When they had gone, Nebraska took his bat off his shoulder, leaned gracefully on it, and, turning towards the white-faced boy, surveyed him for a moment with a calm and friendly look. His square brown face, splotched large with freckles, opened in a wide and homely smile; he grinned amiably and said:
“What’s the trouble, Monkus? Were they about to get you down?”
“You—you—why, Nebraska!” the other boy now whispered—“you might have killed him with that bat.”
“Why,” Nebraska answered amiably, “what if I had?”
“Wuh—wuh—wouldn’t you care?” young Webber whispered, awe-struck, his eyes still with wonder, horror, fascinated disbelief.

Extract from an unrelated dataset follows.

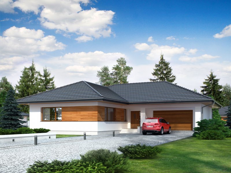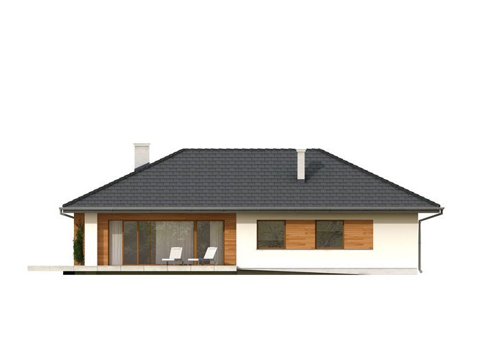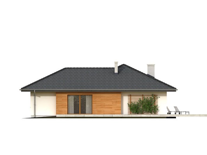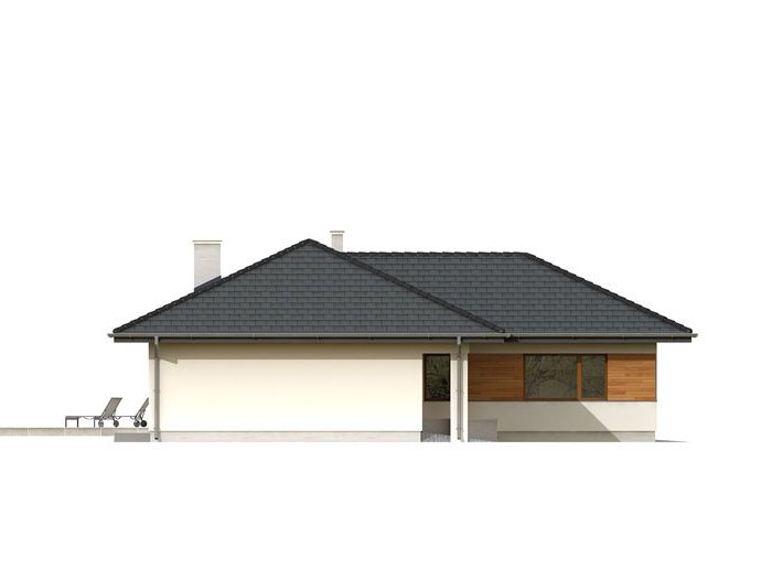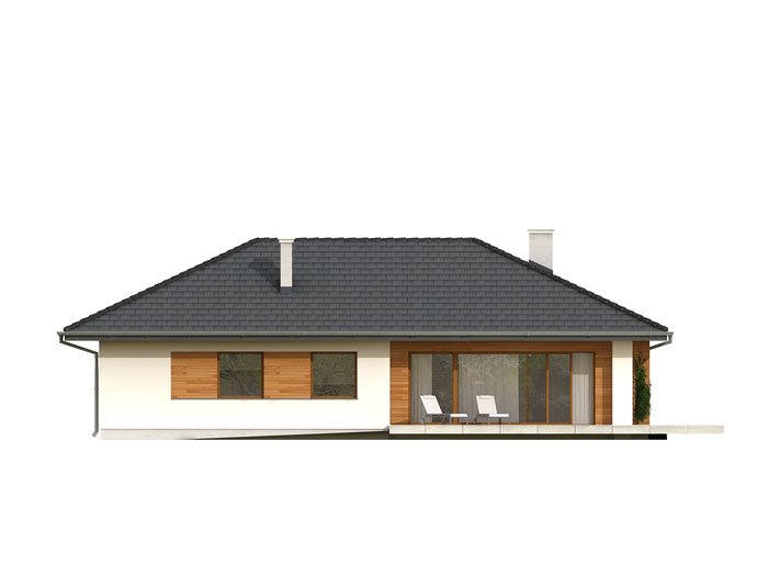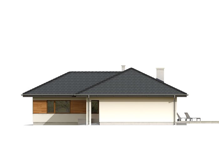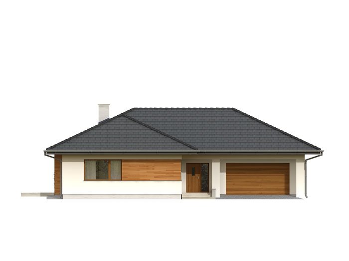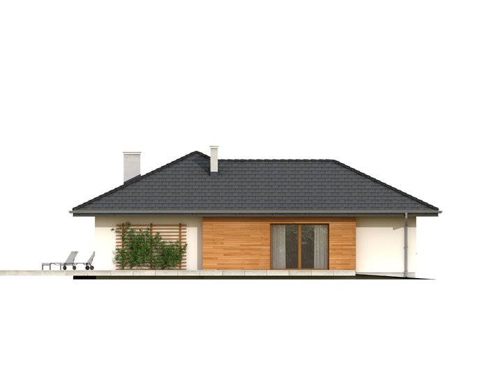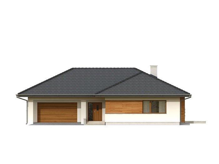 Parterowy dom jednorodzinny, niepodpiwniczony z dwustanowiskowym garażem. Ten wygodny dom, swoim pełnym programem funkcjonalnym zapewnia komfort 4-osobowej rodzinie. Przestronna część dzienne to salon połączony z jadalnią, otwierający się na ogród poprzez ogromne przeszklenie oraz otwarta kuchnia wraz z półwyspem i ze spiżarnią. Tak zaproponowany, ciekawy i przestronny układ pomieszczeń umożliwia dowolność i szereg aranżacji. Część nocna to 3 wygodne sypialnie, z czego największa posiada garderobę oraz łazienka, gdzie przewidziano miejsce na pralkę. W domu zaprojektowano dużą kotłownię dostępną z garażu, której parametry pozwalają na montaż kotła na każdy rodzaj paliwa, w tym na paliwo stałe. Sam garaż, którego wielkość przekracza parametry standardowego garażu jednostanowiskowego, umożliwia umieszczenie tam np. kosiarki. Ten optymalny i ciekawy program funkcjonalny został ujęty w prostej bryle na rzucie litery L, przykrytej wielospadowym dachem. Atutem projektu jest jego prostota zarówno w układzie pomieszczeń jak i w rozwiązaniach elewacji, gdzie elegancki, nowoczesny styl osiągnięto poprzez klasyczne, proste ale szlachetne materiały takie jak szalówka oraz delikatny, subtelny detal.

“Why, not a bit of it!” Nebraska heartily declared. “Good riddance to bad rubbish if I had killed him! Never liked that redhead of his’n, anyway, and don’t like none of that crowd he runs with—that whole West Side gang! I’ve got no use for none of ’em, Monkus—never did have!”
“B-but, Bras,” the other stammered, “wouldn’t you be afraid?”
“Afraid? Afrai
d of what?”
“Why, why—that you might have killed him.”
“Why, that’s nothin’ to be afraid of!” said Nebraska. “Anyone’s likely to get killed, Monk. You’re likely to have to kill someone almost any time! Why, look at my old man. He’s been killin’ people all his life—ever since he’s been on the police force, anyway! I reckon he’s killed more people than he could remember—he counted up to seventeen one time, an’ then he told me that there was one or two others he’d clean lost track of! Yes!” Nebraska continued triumphantly, “and there was one or two before he joined the force that no one ever knowed of—I reckon that was way back there when he was just a boy, so long ago he’s plumb lost track of it! Why my old man had to kill a nigger here along—oh, just a week or so ago—and he never turned a hair! Came home to supper, an’ took off his coat, hung up his gun and cot-tridge belt, washed his hands and set down at the table, and had got halfway through his supper before he even thought of it. Says to my maw, all of a sudden, says—‘Oh, yes! I clean forgot to tell you! I had to shoot a nigger today!’ ‘That so?’ my maw says. ‘Is there any other news?’ So they went on talkin’ about first one thing and then another, and in five minutes’ time I’ll bet you both of them had forgotten clean about it!…Pshaw, Monk!” Nebraska Crane concluded heartily, “you oughtn’t even to bother about things like that. Anyone’s liable to have to kill someone. That happens every day!”
“Y-y-y-yes, Bras,” Young Webber faltered—“b-b-but what if anything should happen to you?”
“Happen?” cried Nebraska, and looked at his young friend with frank surprise. “Why what’s goin’ to happen to you, Monk?”
“W-w-why—I was thinking that sometimes you might be the one who gets killed yourself.”
“Oh!” Nebraska said, with a nod of understanding, after a moment’s puzzled cogitation. “That’s what you mean! Why, yes, Monk, that does sometimes happen! But,” he earnestly continued, “it’s got no right to happen! You ought not to let it happen! If it happens it’s your own fault!”